Ontwikkelingstrend van confocale microscopie
Om betere observatieresultaten op technisch niveau te verkrijgen, richt confocale microscopie zich op het verbeteren van het technische niveau vanuit de aspecten van het verbeteren van de resolutie, het verminderen van fototoxiciteit, het verhogen van de scansnelheid, het observeren van dikke monsters en het observeren in vivo. Momenteel is het Z-effectief. Wat Zda voor confocale microscopietechnologie promoot, is microscopie met ultrahoge resolutie, die de optische limiet doorbreekt en onderzoekers in staat stelt fijnere celstructuren te verkrijgen, wat bevorderlijk is voor een dieper begrip van levensactiviteiten door onderzoekers. De volgende onderzoeksfocus van confocale microscopietechnologie zou zich moeten concentreren op de volgende punten:
1. Hogere scansnelheid
Momenteel wordt de confocale scansnelheid beperkt door de mechanische structuur van de scanapparatuur en kan de resolutie alleen worden opgeofferd om een hogere scansnelheid te verkrijgen. Veel biologische processen gaan zo snel dat ze ondetecteerbaar blijven.
2. Meer perfecte technologie met ultrahoge resolutie
Momenteel omvatten technologieën met ultrahoge resolutie STORM, PALM, STED en SSIM, met resoluties variërend van 20 tot 200 nm, maar elke technologie heeft bepaalde gebreken, zoals monsterverwerking, richting van de Z-as, fototoxiciteit, enz. Het is lang niet perfect, en het is vaak moeilijk om de limietresolutie te bereiken bij daadwerkelijke waarneming.
3. Sterkere compatibiliteit
Confocale microscopietechnologie omvat een verscheidenheid aan excitatiemethoden, zoals de hierboven genoemde multiphoton- en lichtbladobservatie, en coherente anti-Stokes Raman-verstrooiing kan theoretisch een reeks lasersystemen delen. Superresolutiemicroscopie kan worden gecombineerd met witte lasertechnologie. Door de patentkwesties van verschillende bedrijven is er echter nog ruimte voor verbetering op het gebied van volledigheid en compatibiliteit, en de huidige apparatuur kan de technische voordelen van de applicatie niet ten volle benutten.
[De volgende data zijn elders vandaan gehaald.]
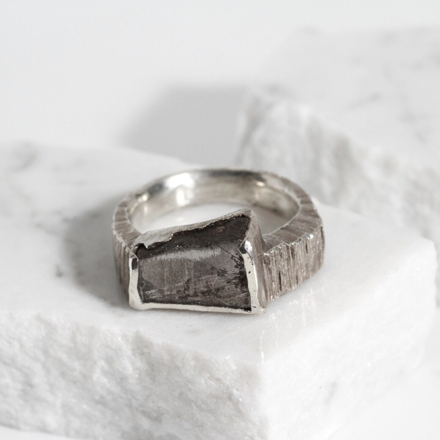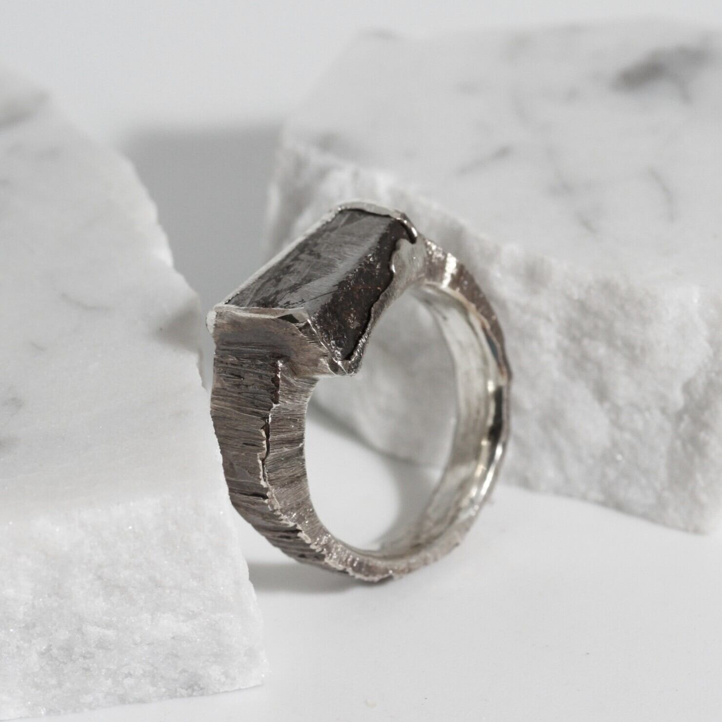 まるで隕石が地球に激突し、指輪に深く埋め込まれたかのような一品。

Principes van confocale microscopie
Confocale microscoop bestaat uit vier delen: optisch microscoopsysteem, laserlichtbron, scanner en detectie- en verwerkingssysteem. Het gebruikt laser met goede coherentie als lichtbron. Het maakt gebruik van een geconjugeerd focusprincipe en apparaat op basis van een traditionele optische microscoop, en gebruikt een computer Een set van observatie-, analyse- en uitvoersystemen voor beeldverwerking.
De laserscanstraal gaat door het gaatje van het rooster om een puntlichtbron te vormen, die door de straalsplitser naar de objectieflens wordt gereflecteerd, op het preparaat wordt gefocust en wordt gescand. Nadat het monster is geëxciteerd, keert de uitgezonden fluorescentie terug naar de spectroscoop en verzamelt het naar de detectie-pinhole, en vervolgens wordt het omgezet in een elektrisch signaal door de fotovermenigvuldigerbuis en verzonden naar de computer om een duidelijk brandpuntsvlakbeeld weer te geven. Het excitatielicht wordt door het gaatje van het rooster op het monster gefocust en de fluorescentie wordt door de objectieflens op het gaatje gefocust. Dit proces vormt twee focusseringen, daarom wordt het een confocale microscoop genoemd.
Gewone biologische monsters hebben een complexe structuur en een bepaalde dikte. Wanneer waargenomen met een gewone fluorescentiemicroscoop, overlapt de door het monster uitgezonden fluorescentie elkaar en wordt de beeldresolutie sterk verminderd.
De confocale beeldvorming van de confocale microscoop kan het strooilicht en niet-meetlicht buiten het brandpuntsvlak effectief onderdrukken om de detector binnen te gaan, beeldvorming met een enkel brandpuntsvlak realiseren en de resolutie aanzienlijk verbeteren. Wanneer het podium gelijkmatig in horizontale richting beweegt, kan het een duidelijk enkellaags beeld vormen en in verticale richting kan het het laag-voor-laag scannen van het monster op verschillende diepten realiseren en de driedimensionale structuur verkrijgen van het monster na driedimensionale reconstructie, de zogenaamde "optische CT". Het monster wordt gelabeld met een fluorescerende sonde en vervolgens geobserveerd met een confocale microscoop. Niet alleen kunnen verschillende gefixeerde cellen en weefselstructuren worden waargenomen, maar ook de morfologie, structuur en ionen van levende cellen kunnen kwalitatief en kwantitatief worden waargenomen en regelmatig worden gemeten.